• _DATA RECORDS_

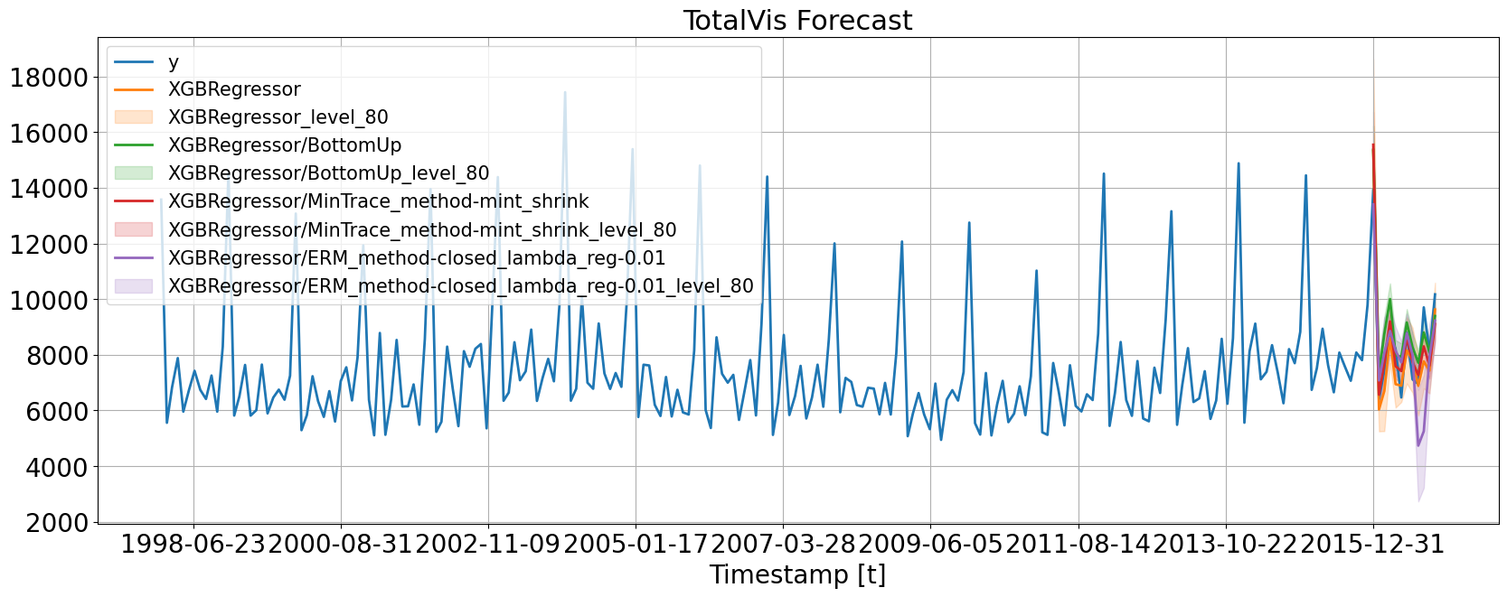 We find that XGB with MinTrace(mint_shrink) reconciliation result in the
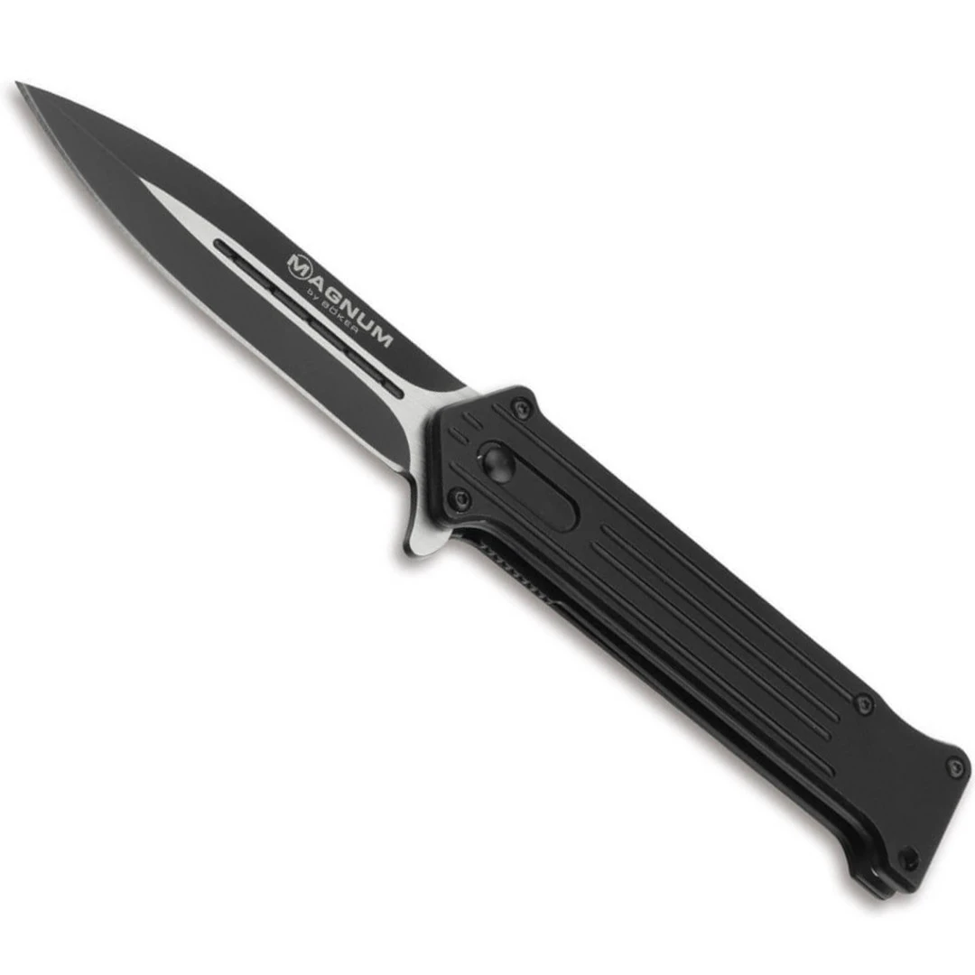 Boker Magnum Intricate Compact Folder Knife is a reliable utility knife. The single-edged, spearpoint blade of this knife is made of tough 440A stainless steel which sports a striking two-tone finish. The handle of this knife is made of black aluminum over black steel liners, giving this knife an intimidating yet classy aesthetic. This tough knife is a great addition to any collection.Â
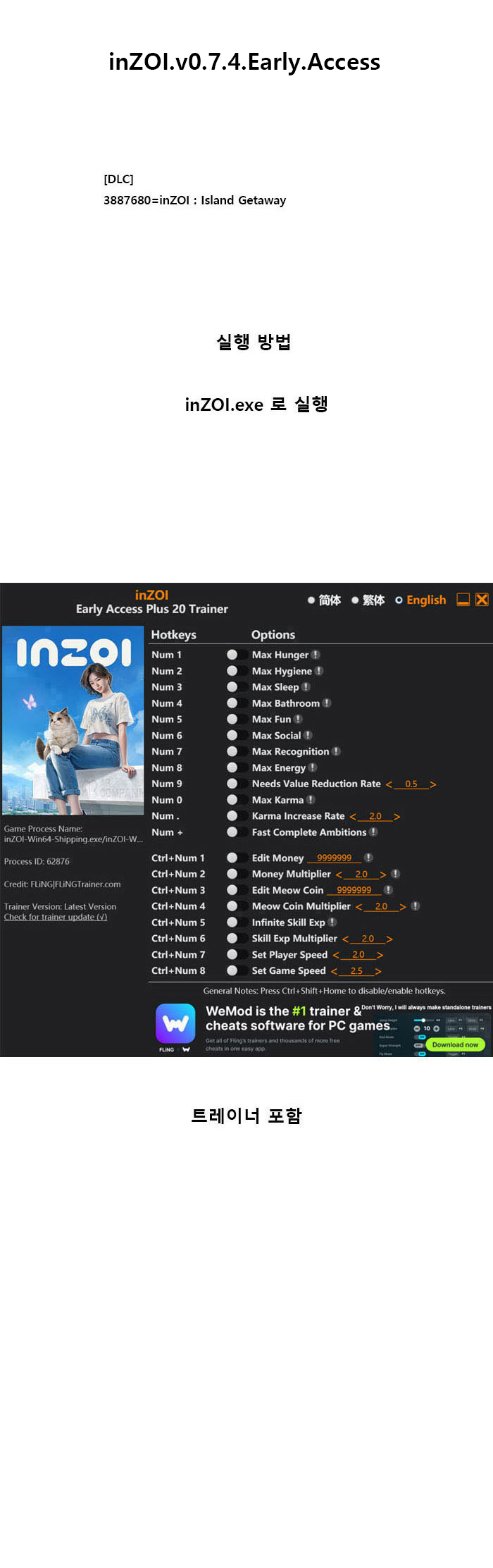 sports_esports 게임 무설치 인조이 inZOI [한글 무설치]인조이 V0.7.4 person wo*** calendar_today 2026.04.11 visibility 5,033 다운로드 6개 파일 folder_zip inZOI.7z.001.ezc 30.0 GB download folder_zip inZOI.7z.002 download folder_zip inZOI.7z.003 download folder_zip inZOI.7z.004 download folder_zip inZOI.7z.005 download folder_zip inZOI.7z.006 download
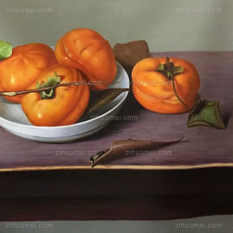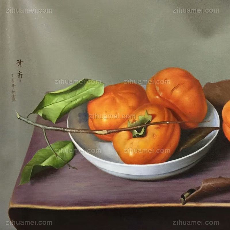 写实静物手绘油画好柿一箩框柿子图事事如意 手绘
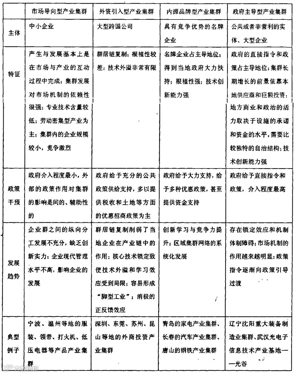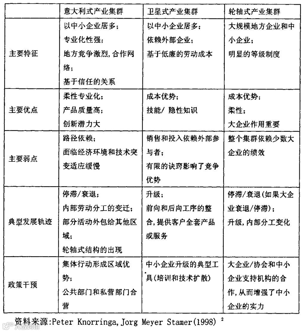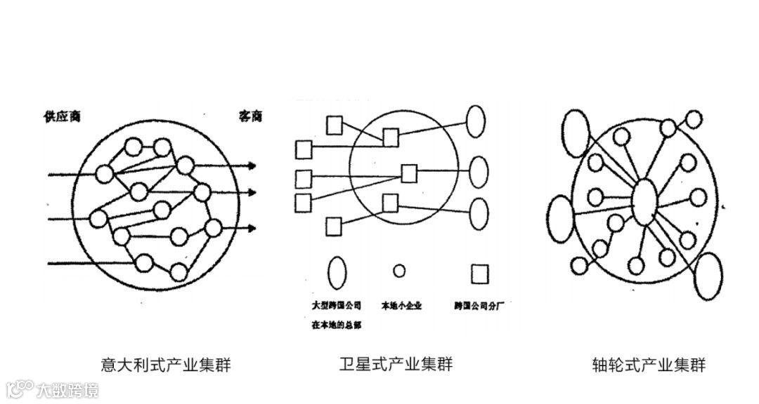 意大利式产业集群以中小企业居多,专业化强,地方竞争激烈,基于的信任关系;卫星式产业集群也以中小企业居多, 但依赖外部企业,基于低廉的劳动成本;轴轮式产业集群包含大规模的地方企业和中小企业,有明显的等级制度。

• _WHAT TO WORK ON_
Without the pictures, give the entries above back exactly.

• _SOLUTION TO THIS TASK_
 We find that XGB with MinTrace(mint_shrink) reconciliation result in the
 Boker Magnum Intricate Compact Folder Knife is a reliable utility knife. The single-edged, spearpoint blade of this knife is made of tough 440A stainless steel which sports a striking two-tone finish. The handle of this knife is made of black aluminum over black steel liners, giving this knife an intimidating yet classy aesthetic. This tough knife is a great addition to any collection.Â
 sports_esports 게임 무설치 인조이 inZOI [한글 무설치]인조이 V0.7.4 person wo*** calendar_today 2026.04.11 visibility 5,033 다운로드 6개 파일 folder_zip inZOI.7z.001.ezc 30.0 GB download folder_zip inZOI.7z.002 download folder_zip inZOI.7z.003 download folder_zip inZOI.7z.004 download folder_zip inZOI.7z.005 download folder_zip inZOI.7z.006 download
 写实静物手绘油画好柿一箩框柿子图事事如意 手绘
 意大利式产业集群以中小企业居多,专业化强,地方竞争激烈,基于的信任关系;卫星式产业集群也以中小企业居多, 但依赖外部企业,基于低廉的劳动成本;轴轮式产业集群包含大规模的地方企业和中小企业,有明显的等级制度。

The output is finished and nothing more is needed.